[Date Prev][Date Next][Thread Prev][Thread Next][Date Index][Thread Index]
Re: join more than two files
From: |
Pádraig Brady |
Subject: |
Re: join more than two files |
Date: |
Fri, 04 May 2012 15:19:41 +0100 |
User-agent: |
Mozilla/5.0 (X11; Linux x86_64; rv:6.0) Gecko/20110816 Thunderbird/6.0 |
On 05/04/2012 02:56 PM, Pádraig Brady wrote:
> On 01/13/2012 08:49 AM, address@hidden wrote:
>> Hello,
>>
>> I fairly recently discovered the joys of join, but now I wonder why it
>> is limited to two files?
>>
>> In other words, I would like to do the following:
>>
>> join file1 file2 ... fileN
>>
>> While I CAN achieve this through other methods, they are not ideal.

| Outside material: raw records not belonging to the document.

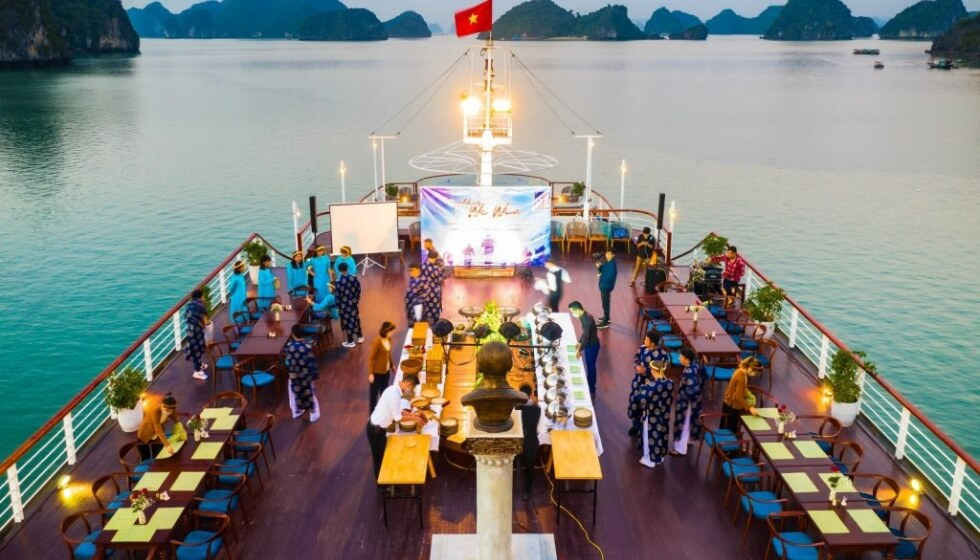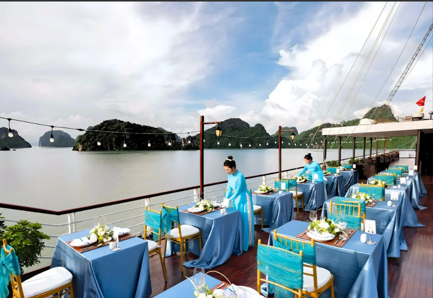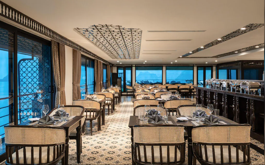 Ẩm thực trên tàu kết hợp tinh tế giữa món ăn Việt Nam truyền thống và quốc tế, đặc biệt là các món hải sản tươi ngon. Nhà hàng phục vụ theo phong cách fine dining với đội ngũ đầu bếp chuyên nghiệp. Du khách còn có thể tham gia các hoạt động giới thiệu văn hóa và ẩm thực địa phương.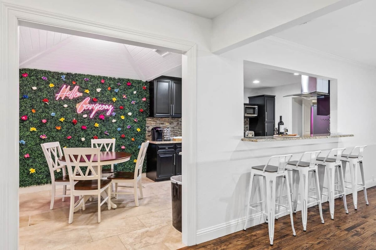✅ 2272 kvadratfot – 4 soverom – 2,5 bad. ✅ Tre arkadespill, fotball, shuffleboard-bord, brettspill. ✅ Bakgård med basseng, boblebad, spisebord, solsenger, bålplass og grill. ✅ Fullt gourmetkjøkken + stort spisebord for ni personer. ✅ Stue med stor seksjonssofa og 65 tommers TV. Innsjekking ✅ uten vert/vaskemaskin og tørketrommel/raskt trådløst nettverk/garasje for to biler. Huset vårt har maksimalt 12 gjester, og alle som kommer til hjemmet teller mot den totalsummen, uavhengig av hvor mange som overnatter.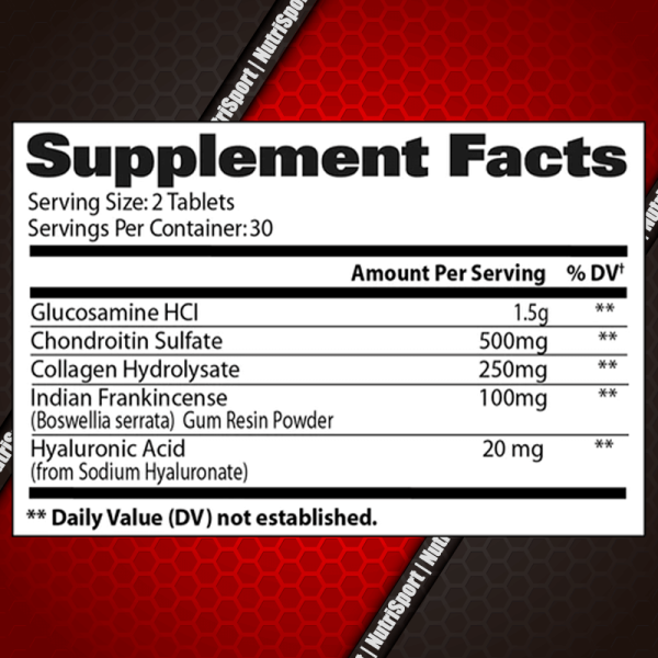 Joint Support de GAT es un coctel diseñado para proteger y reparar las articulaciones, cada uno de sus 30 servicios (2 Tabs) te proporciona: 1.5g de Glucosamina + 500mg de Condroitina + 250mg de Colágeno Hidrolizado + 100mg de Indian Frankincense + 20mg de Ácido Hialurónico.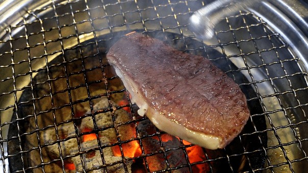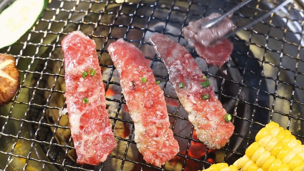 厚实饱满的和牛角切,要在烤网上不断翻动保证四面受热均匀,才能烤得外焦里嫩。入口时一口一粒,还会爆汁。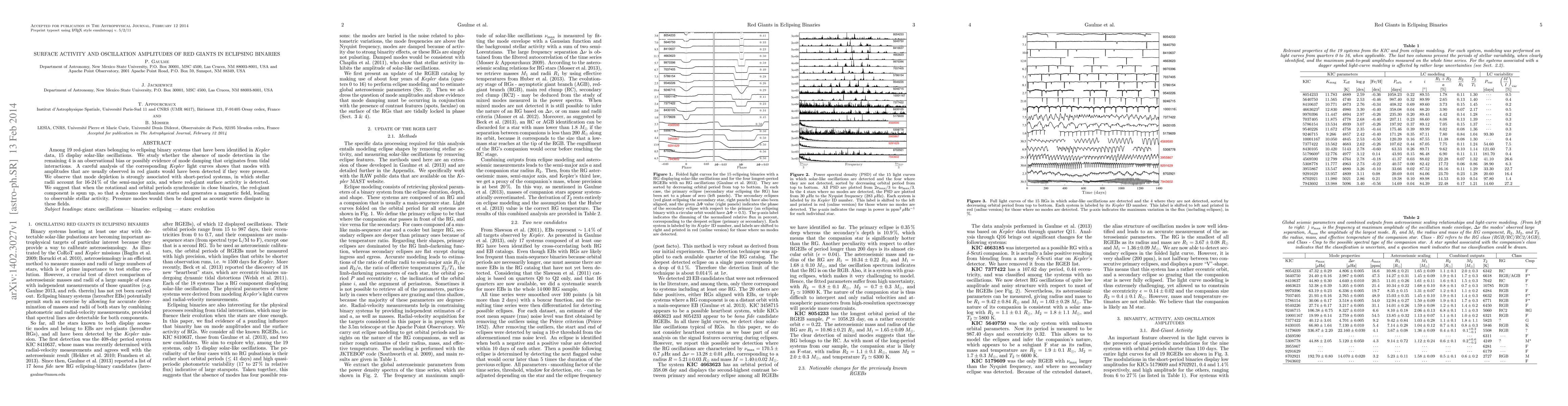 Red giant stars in eclipsing binaries with synchronized rotation and orbital periods show evidence of mode damping due to tidal interactions, leading to decreased oscillation amplitudes and increased surface activity.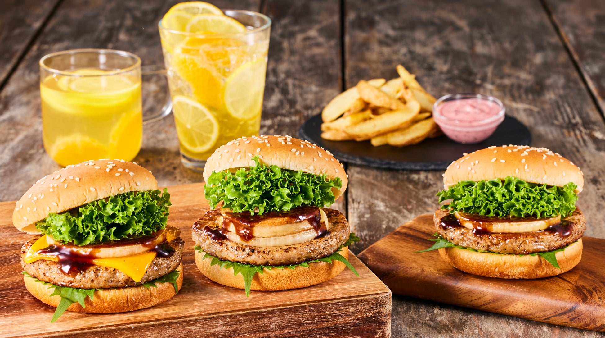 フレッシュネスでは現在、[世界のグルメを大人の本格バーガーに]を年間テーマに、期間限定バーガーを販売。今回は日本をテーマに、和食材を使ったハンバーガー2種と、ポテト、ドリンクを新発売いたします。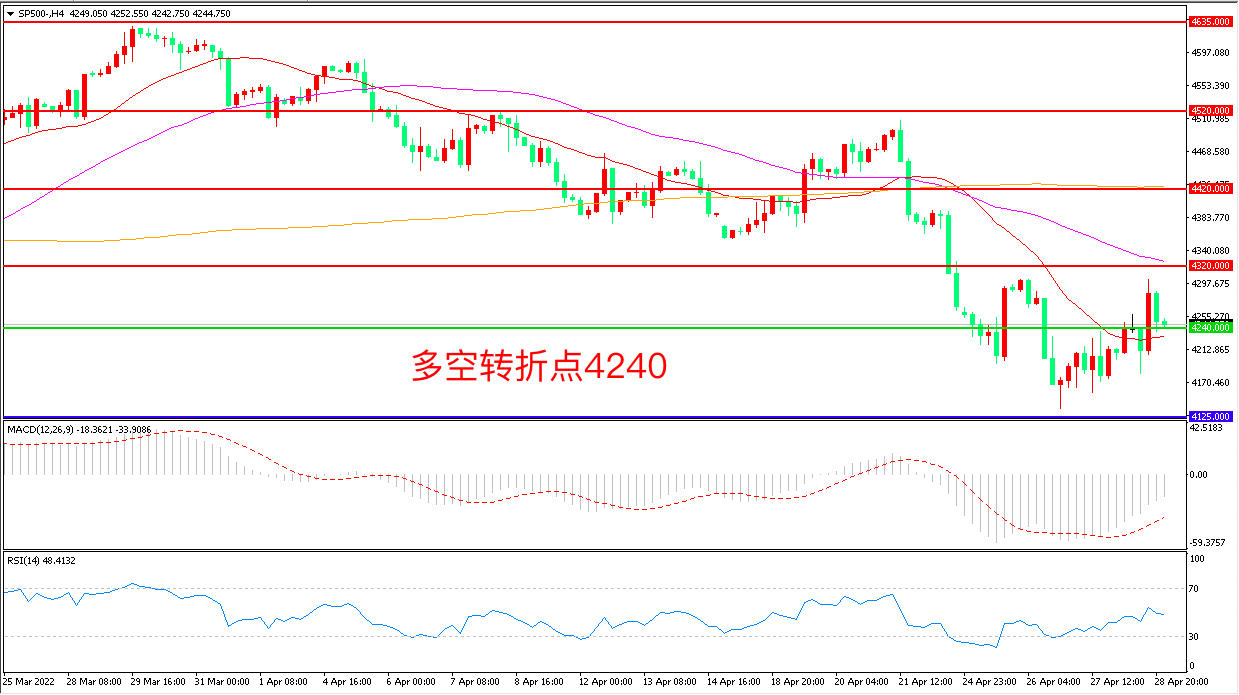周四(4月28日),苹果一季度业绩超预期增长,龙头科技股带动美股回暖,标普500冲高回落,收报4244.05点。此前在科技股的抛售潮下,欧美股市动荡不安,但部分交易员认为一季度财报季相对不错,市场信心受到提振,多空交织下,美股波幅可能再次扩大。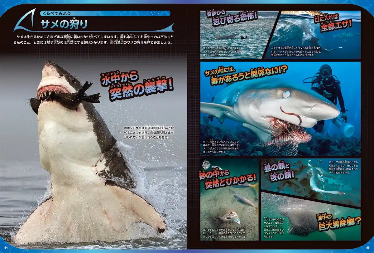 また「サメの飼育種類数日本一(約60種)」で知られる「アクアワールド茨城県大洗水族館」のバックアップにより、大迫力の実物大撮りおろし写真やバックヤードの情報も収録。 |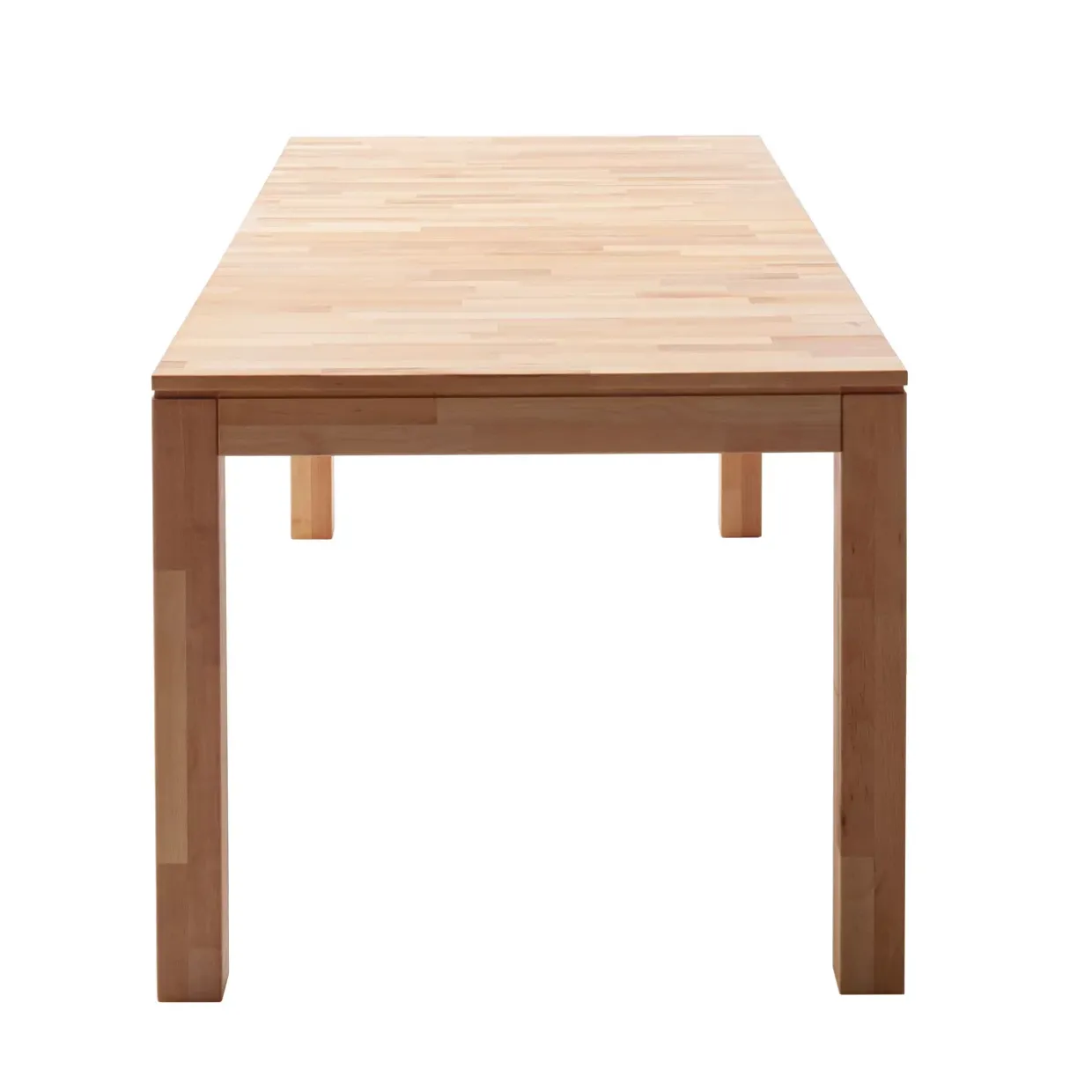 Das 4-Fußgestell sorgt für Stabilität und unterstreicht den konventionellen Stil des Tisches. Die gerade Kante der Platte verleiht ihm eine klare und zeitlose Linienführung, die in jedem Raum gut zur Geltung kommt. Gefertigt aus hochwertiger Kernbuche, verspricht dieser Tisch Langlebigkeit und Robustheit.
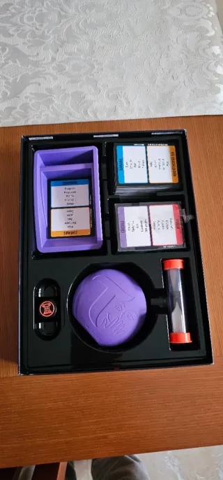 Juego de mesa Tabú, perfecto para pasar un buen rato. - Incluye cartas de juego 228. En total venían 230m pero la 1 y la 202 no están - Incluye un temporizador. -Hay algunas cartas marcadas, sucias o desgastadas se ve en la fotos.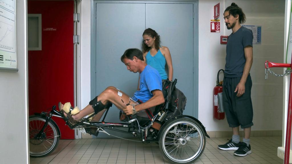 Marina Julienne : Nous avons suivi, avec le co-réalisateur Raphaël Girardot, une équipe de chercheurs de l’ENS de Lyon qui est dirigée par le physicien Vance Bergeron. Il a eu un accident de vélo il y a quelques années, est devenu tétraplégique et il a réorienté l’activité de son laboratoire sur les aides technologiques pour les handicapés. Il a recruté 3 personnes tétraplégiques comme lui pour participer à la première compétition internationale pour athlètes handicapés équipés de prothèses bioniques, le Cybathlon, qui avait lieu à Zurich en 2016.. Nous sommes restés en immersion dans son laboratoire pendant 6 mois, le temps de la préparation et de l'entrainement pour cette compétition. Sachant que lui et son équipe s’entrainait surtout sur la stimulation électrique fonctionnelle : le principe est de placer des électrodes sur les jambes des personnes paralysées, puis d'envoyer des impulsions électriques qui leur permettent à nouveau de pédaler.

>> For instance, paste works with multiple files, but then I must cut out
>> the repeated key columns. The following also works, but doesn't
>> generalize to filename expansions (e.g. `join file*`):
>>
>> join file1 file2 | join - file3 | ... | join - fileN
>>
>> As for my use case, I am working with data files containing the
>> results of multiple systems running over the same test items. I would
>> like to compare the results of all systems for each item by putting
>> them side-by-side.
>>
>> I don't know the history of the command, so I am not aware of any
>> technical or ideological reasons why it shouldn't support more than
>> two files. Any explanation appreciated!
>
> Sorry I thought I replied to this.
>
> Well it would be handy to support more than 2 files,
> but you couldn't support an arbitrary number,
> as you'd run out of file descriptors or RAM etc.
>
> Also it would complicate the implementation
> of join to handle multiple files, especially
> an arbitrary number of multiple files.
>
> So for primarily these reason you'd need to
> split the task something like:
>
> find files |
> while read file1; do
> test "$file2" || read file2
> join "$file1" "$file2" > out.tmp
> file2=out.tmp
> done
>
> Note depending on the size of the data,
> out.tmp might be better on a ram disk
> (which /tmp is in modern GNU/Linux distros for example).
>
> Note also that your non tmp file piped version above
> is not scalable for many files due to process limits etc.
Sigh I had previously responded:
http://lists.gnu.org/archive/html/coreutils/2012-02/msg00064.html
but the subsequent request was in a new thread.
sorry for the noise,
Pádraig.